O objetivo dessa exposição é contribuir para uma reflexão sobre as relações entre imaginário, organização e educação, tema desta mesa-redonda. Para isso, explicitarei inicialmente, dentro do quadro epistemológico ampliado do paradigma da complexidade no qual trabalho, os significados de tais noções e, a seguir, mostrarei a sua fertilidade epistemológica para as pesquisas em educação.
O fio condutor da minha exposição será a noção de polaridade, que implica a de complexidade, cujo princípio básico é a recursividade organizacional (relação complementar, concorrente e antagonista) entre os elementos de um sistema, de acordo com Morin (1980).
Dois exemplos ilustram o que vamos entender por complexidade. Um deles se refere à seqüência do código genético. Em um artigo publicado na Revista da FAPESP (2001) intitulado: Golpe no orgulho vão, seus autores, Carlos Fioravante e Marcos Pivetta, mostram que a grande descoberta do Projeto Genoma é que, a evolução do homem na escala zoológica se deve não à quantidade de pares de genes, mas à complexa relação que se estabelece entre eles. Num gráfico comparativo mostram que o homem tem 3,2 bilhões de pares de genes, enquanto que a ameba tem 670 milhões. Perguntam, então: como com tão poucos pares de genes, o homem pode evoluir tanto, enquanto a ameba continuou no mesmo patamar evolutivo? Concluem os autores que a variabilidade humana é decorrência das complexas interações entre os genes, ou seja, da sua competência organizacional.
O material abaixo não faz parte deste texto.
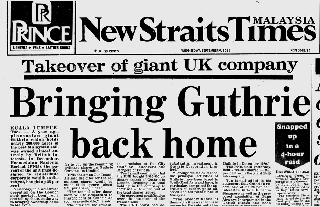 Guthrie Corporation Limited's plantation interests came home to Malaysia. Plantation assets in Malaysia and overseas together with the marketing and distribution network companies in the UK and the US were transferred to Kumpulan Guthrie Sdn Bhd.

Outro exemplo vem da teoria do caos, que postula a existência de sistemas não -lineares. De acordo com ela, sistemas não-lineares são ...sistemas dinâmicos cujo comportamento pode ser descrito somente se se levar em conta a interação dos componentes dentro do sistema e não apenas a soma das qualidades do sistema. (Alvarez, 1996: 141). Em decorrência da interação, tais sistemas apresentam sensível dependência às condições iniciais, ou seja, a menor variação no princípio tem conseqüências imprevisíveis num futuro distante. O exemplo mais conhecido é do enxame de borboletas que, ao bater as asas sobre o golfo do México, produz tempestades na Islândia (idem).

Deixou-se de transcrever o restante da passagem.